[[ Input records open ]]

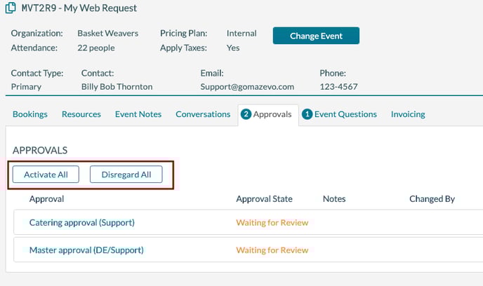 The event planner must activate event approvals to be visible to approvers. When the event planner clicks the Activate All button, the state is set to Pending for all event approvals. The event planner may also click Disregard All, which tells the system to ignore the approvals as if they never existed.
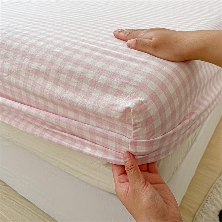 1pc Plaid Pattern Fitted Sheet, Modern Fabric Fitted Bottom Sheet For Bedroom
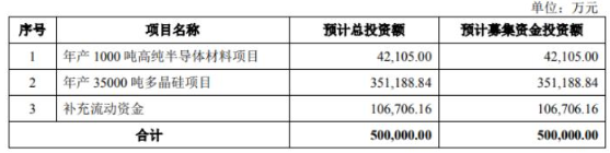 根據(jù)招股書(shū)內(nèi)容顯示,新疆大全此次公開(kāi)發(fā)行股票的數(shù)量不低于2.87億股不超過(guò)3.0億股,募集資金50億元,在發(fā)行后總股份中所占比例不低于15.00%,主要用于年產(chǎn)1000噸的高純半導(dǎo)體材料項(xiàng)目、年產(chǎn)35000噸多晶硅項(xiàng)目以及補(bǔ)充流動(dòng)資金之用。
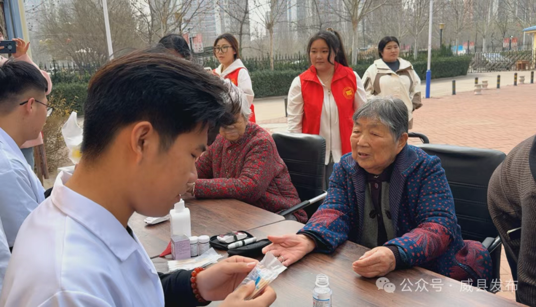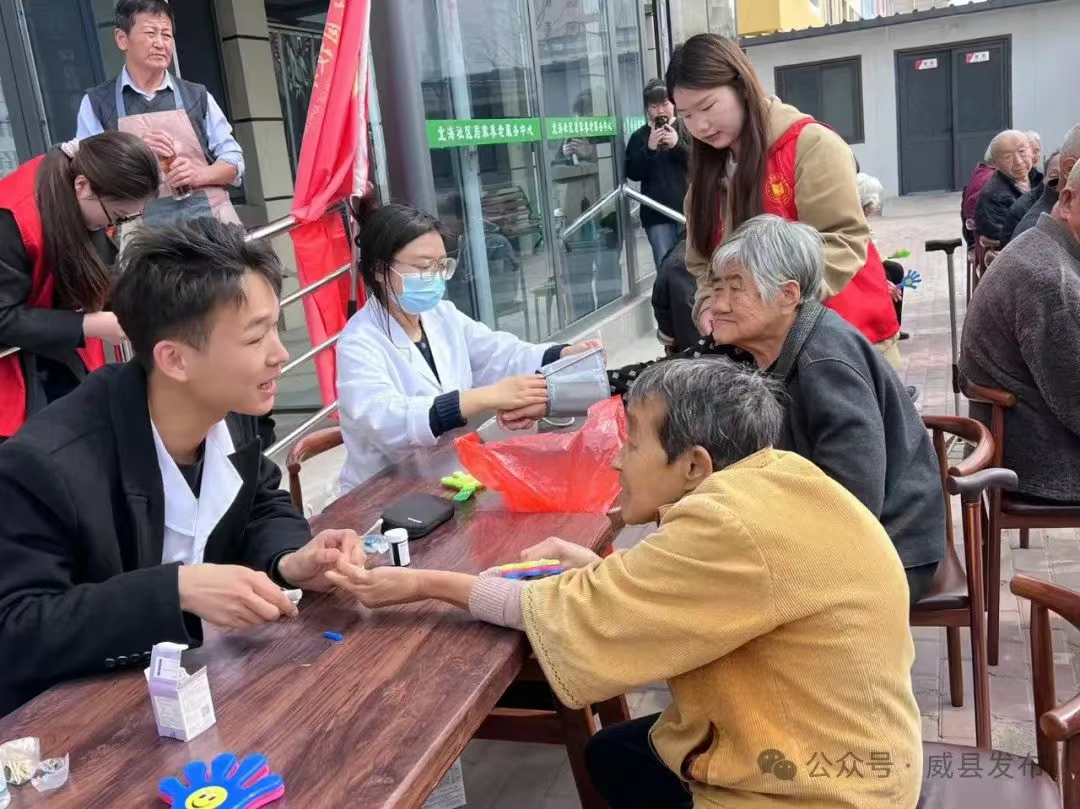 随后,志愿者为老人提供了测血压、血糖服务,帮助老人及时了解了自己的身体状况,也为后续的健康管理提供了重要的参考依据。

[[ Input records closed ]]
[[ Input records open ]]

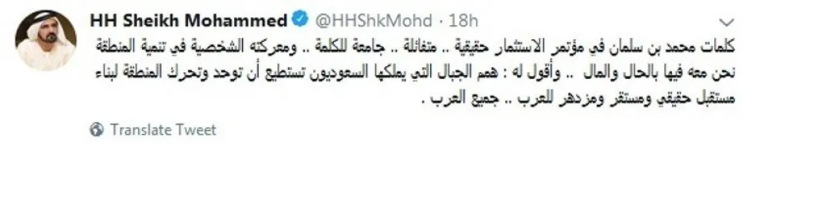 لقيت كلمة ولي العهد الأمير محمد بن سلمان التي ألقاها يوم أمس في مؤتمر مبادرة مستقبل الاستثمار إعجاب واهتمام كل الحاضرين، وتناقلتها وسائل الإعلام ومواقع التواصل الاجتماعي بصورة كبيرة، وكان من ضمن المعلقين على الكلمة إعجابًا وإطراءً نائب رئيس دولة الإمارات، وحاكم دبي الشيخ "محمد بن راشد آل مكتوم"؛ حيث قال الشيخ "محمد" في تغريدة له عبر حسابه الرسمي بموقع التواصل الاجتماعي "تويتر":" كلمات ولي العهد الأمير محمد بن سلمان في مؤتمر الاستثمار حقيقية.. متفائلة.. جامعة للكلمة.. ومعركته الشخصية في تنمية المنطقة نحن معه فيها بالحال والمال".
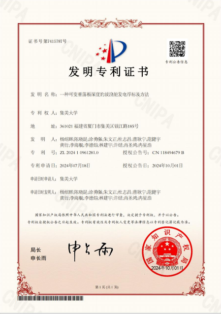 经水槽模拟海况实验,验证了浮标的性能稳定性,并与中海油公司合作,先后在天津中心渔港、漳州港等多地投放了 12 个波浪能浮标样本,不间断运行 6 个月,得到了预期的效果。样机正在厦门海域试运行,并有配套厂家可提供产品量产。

[[ Input records closed ]]
[[ Input records open ]]

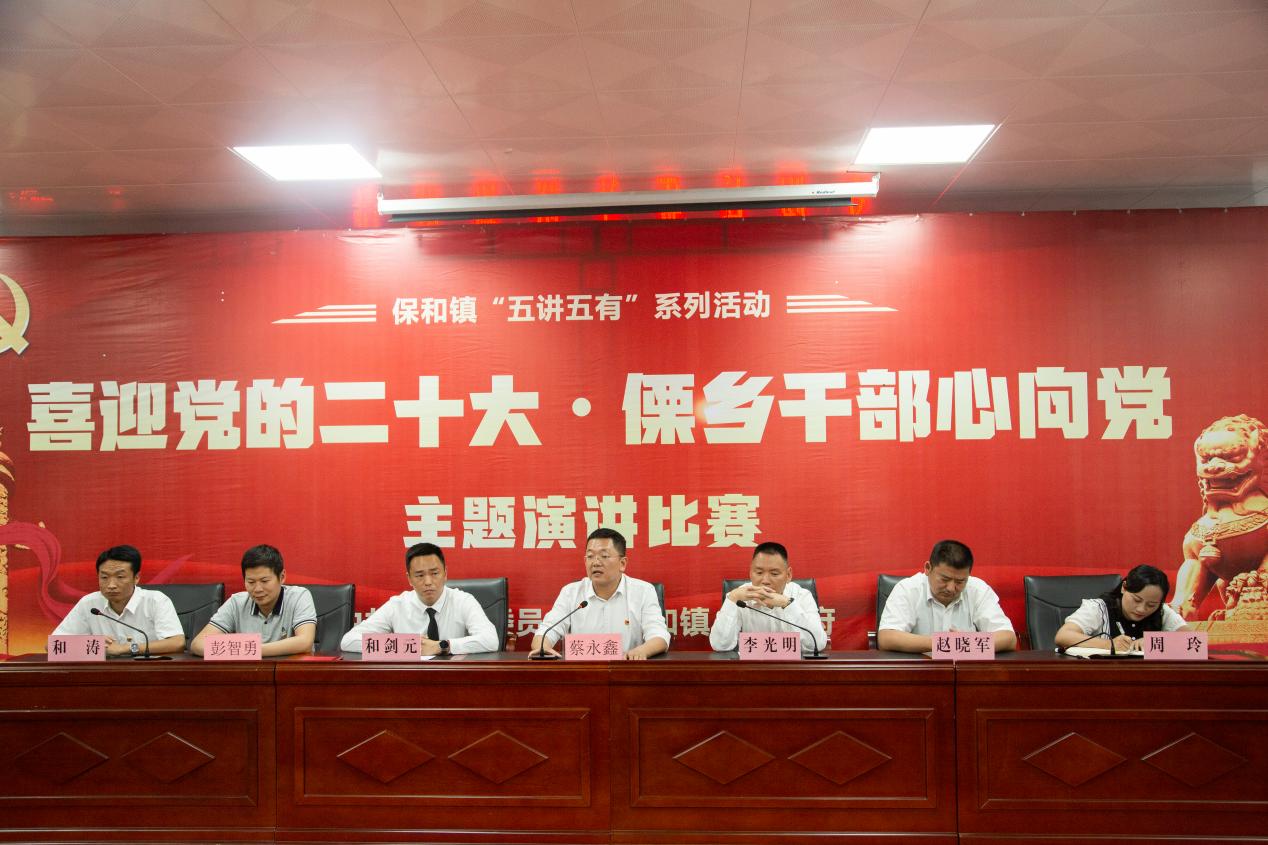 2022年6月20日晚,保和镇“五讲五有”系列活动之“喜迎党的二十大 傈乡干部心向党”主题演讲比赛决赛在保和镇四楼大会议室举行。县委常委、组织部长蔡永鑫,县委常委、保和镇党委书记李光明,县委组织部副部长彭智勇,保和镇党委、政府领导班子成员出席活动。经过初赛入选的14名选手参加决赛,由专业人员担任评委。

[[ Input records closed ]]

• What is expected: In the records above, everything from the line with "The event planner must" down to the line with "随后,志愿者为老人提供了测血" must be duplicated exactly, both lines kept. Leave no pictures in.

• Output of the task:
 The event planner must activate event approvals to be visible to approvers. When the event planner clicks the Activate All button, the state is set to Pending for all event approvals. The event planner may also click Disregard All, which tells the system to ignore the approvals as if they never existed.
 1pc Plaid Pattern Fitted Sheet, Modern Fabric Fitted Bottom Sheet For Bedroom
 根據(jù)招股書(shū)內(nèi)容顯示,新疆大全此次公開(kāi)發(fā)行股票的數(shù)量不低于2.87億股不超過(guò)3.0億股,募集資金50億元,在發(fā)行后總股份中所占比例不低于15.00%,主要用于年產(chǎn)1000噸的高純半導(dǎo)體材料項(xiàng)目、年產(chǎn)35000噸多晶硅項(xiàng)目以及補(bǔ)充流動(dòng)資金之用。
 随后,志愿者为老人提供了测血压、血糖服务,帮助老人及时了解了自己的身体状况,也为后续的健康管理提供了重要的参考依据。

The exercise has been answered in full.